Molecular mechanisms of acacetin for the blockade of Kv1.5 and Kv4.3 channels and the cardio-protection against ischemia-reperfusion injury

Abstract

Acacetin is a natural flavone compound, initially isolated from the traditional Chinese medicinal herb Tianshanxuelian, and has been recently demonstrated effective in anti-atrial fibrillation by blocking atrial-selective K+ currents, ultra-rapidly delayed rectifier K+ current (IKur), transient outward K+ current (Ito), and acetylcholine-activated K+ current (IKACh). However, the molecular determinants of acacetin blocking IKur and Ito are not fully understood. My PhD project was designed to investigate the cellular and molecular mechanisms of the channel blocking effects using HEK 293 cells expressing cloned hKv1.5 and hKv4.3 channels that encode IKur and Ito, respectively. In addition, I am interested to explore whether acacetin has potential cardioprotective effect against ischemia/reperfusion injury and the related cellular and molecular mechanisms. In the first part of my PhD project, I identified that acacetin blocked hKv1.5 channels in both open and closed states by binding to the S6 segment of the channel. The blockade effect was use- and frequency-dependent. IC50 of acacetin on hKv1.5 current was 3.5, 3.1, 2.9, 2.1 and 1.7 μM at 0.2, 0.5, 1.0, 3.0, and 4.0 Hz respectively. In site-directed mutagenesis studies, mutations in hKv1.5 channel S6-segment, V505A and I508A, remarkably reduced the channel sensitivity to acacetin with IC50 29.5μM for V505A and 19.1 μM for I508A.

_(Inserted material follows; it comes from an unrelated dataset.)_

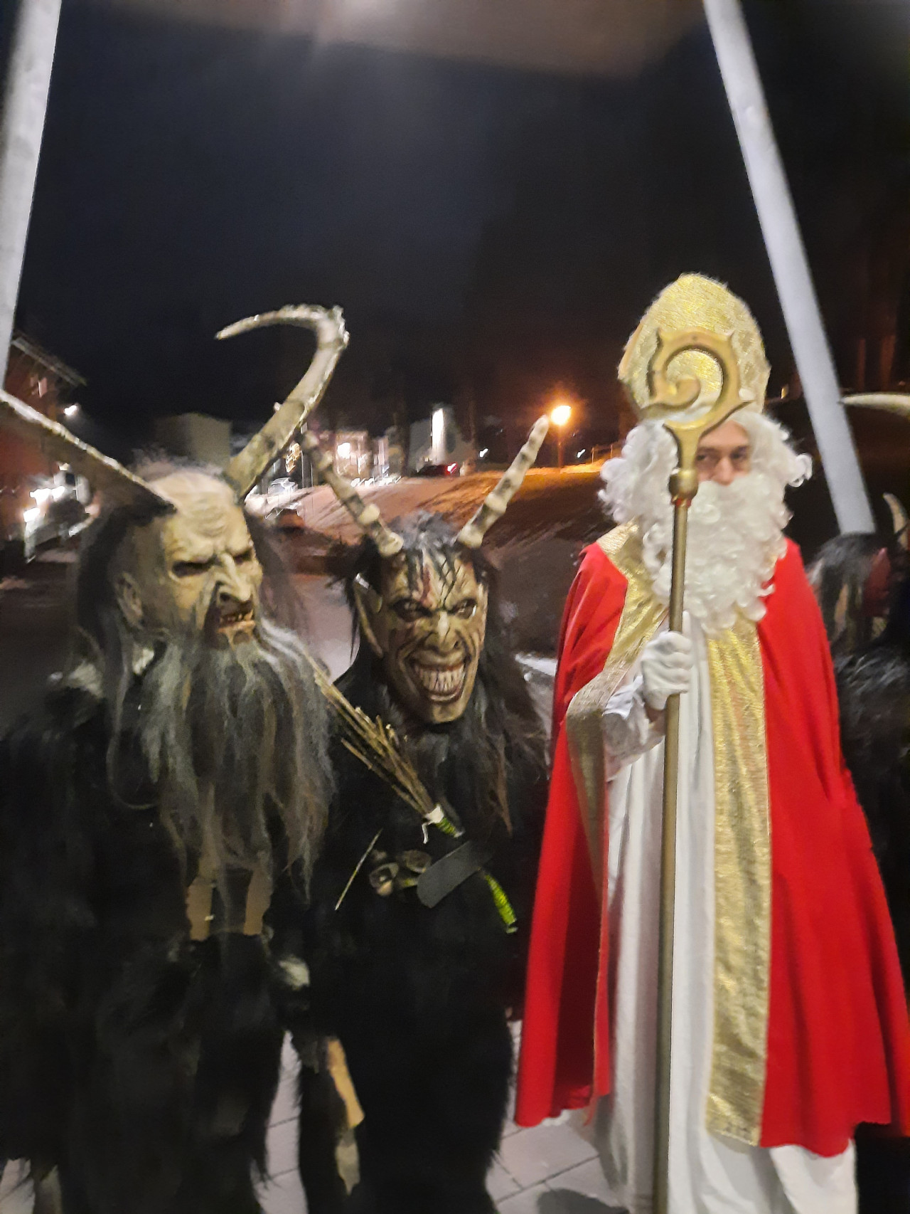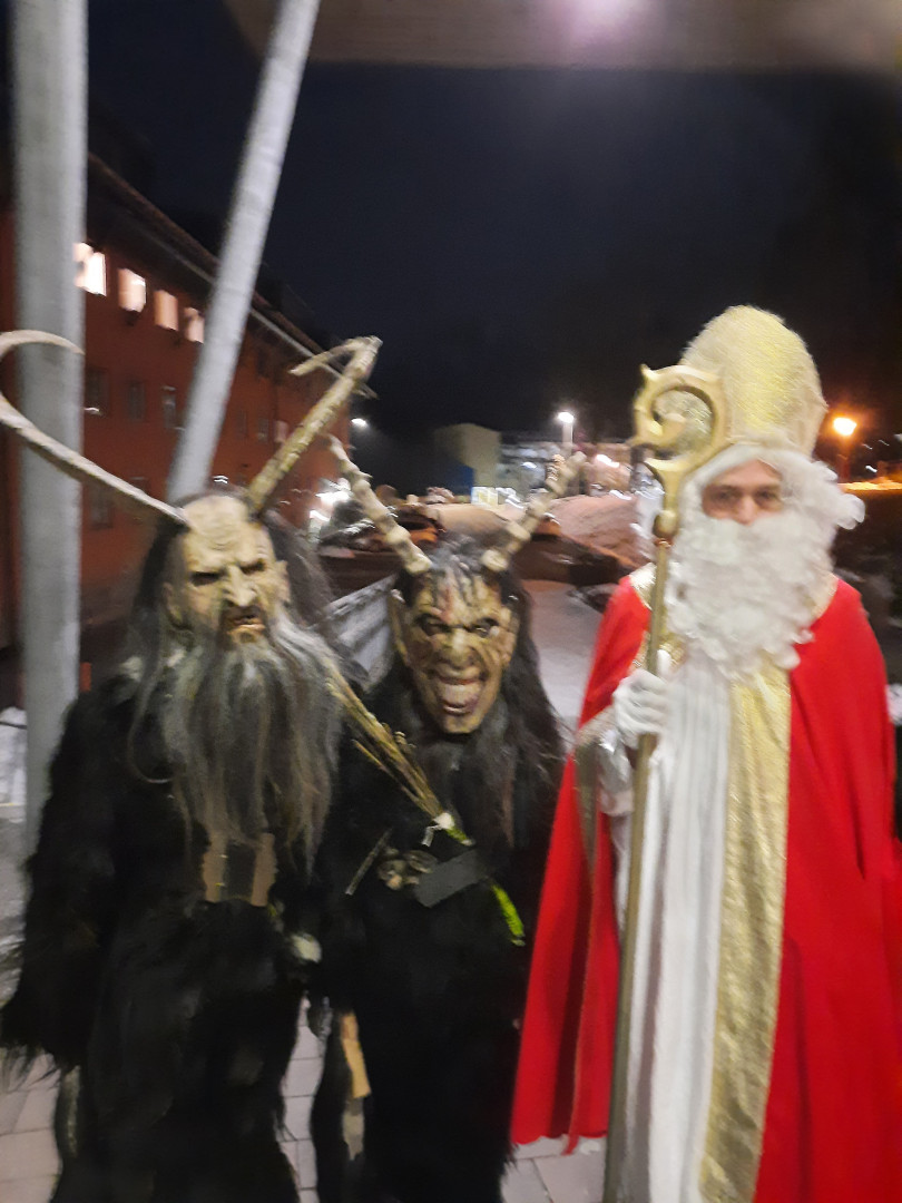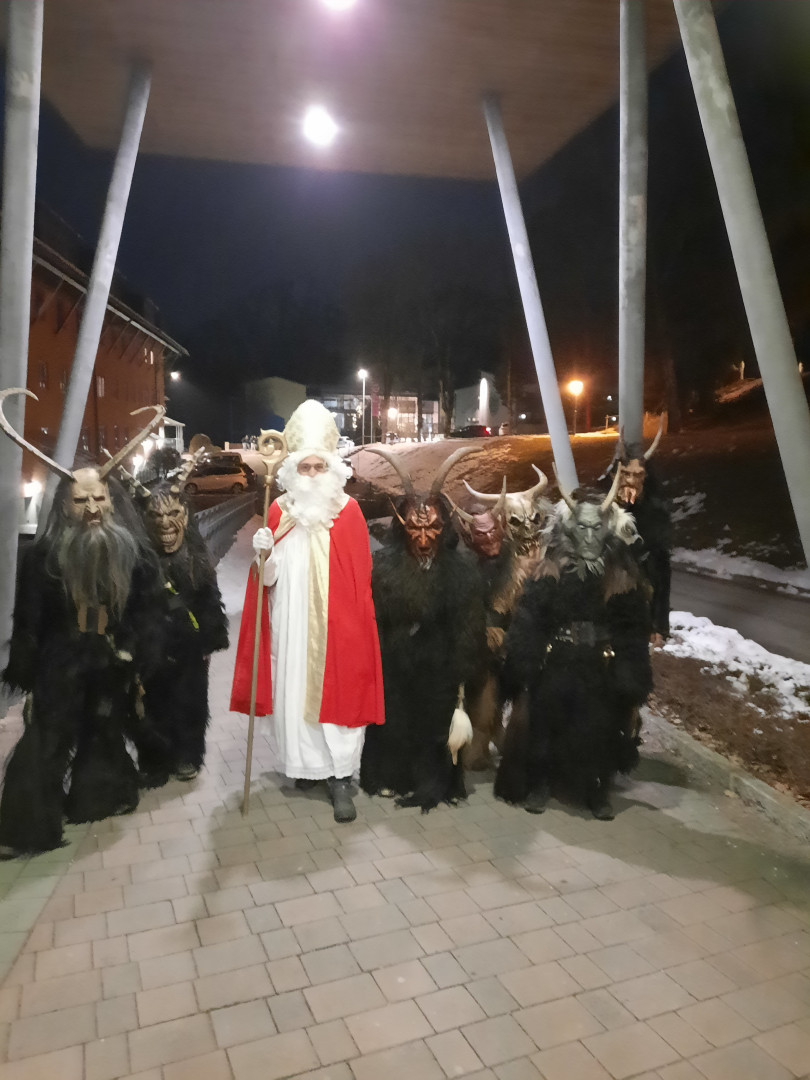 Gestern besuchte der Nikolaus mit sieben teuflischen Gesellen unser Internat, fragte ob denn alle brav gewesen sind und teilte kleine Geschenke aus...

In the second part of my study, I demonstrated that acacetin blocked hKv4.3 channels by binding to the pore of the channel, decreased the recovery of the channel from inactivation and positively shifted the activation conductance. The blockade of hKv4.3 channels by acacetin was use- and frequency-dependent. IC50 of acacetin for inhibiting hKv4.3 was 7.9, 6.1, 3.9, and 3.2 μM at 0.2, 0.5, 1.0, and 3.3 Hz respectively. Site-directed mutagenesis study revealed that hKv4.3 mutations T366A, T367A in the P-loop helix and V392A, I395A and V399A in the S6-segment are the interaction binding sites of acacetin with hKv4.3 channel.

In the third part of my study, I found that acacetin had cardiac protective effect against ischemia/reperfusion injury in isolated rat and guinea pig hearts. Acacetin significantly improved cardiac function recovery, decreased infarct size and prevented ventricular fibrillation induced by regional ischemia/reperfusion in rat hearts with the underlying molecular mechanisms of anti-apoptosis, anti-inflammation and anti-oxidation. The cardiac protection effect from acacetin is independent of its blockade of IKur and Ito channels, since similar cardioprotective effects via the same cellular and molecular mechanisms was also observed in guinea pig hearts, in which no IKur and Ito are expressed.

Collectively, my PhD thesis demonstrates the novel information that acacetin blocks both closed and open hKv1.5 channels by binding to their S6 domain, and blocks the open state of hKv4.3 channels by binding to their P-loop filter helix and S6 domain. The use- and rate-dependent blocking effects on hKv1.5 and hKv4.3 channels by acacetin should be beneficial to prevent atrial fibrillation occurrence and reverse atrial fibrillation to sinus rhythm. In addition, my study provides the novel information that acacetin may have cardioprotection against regional ischemia/reperfusion injury.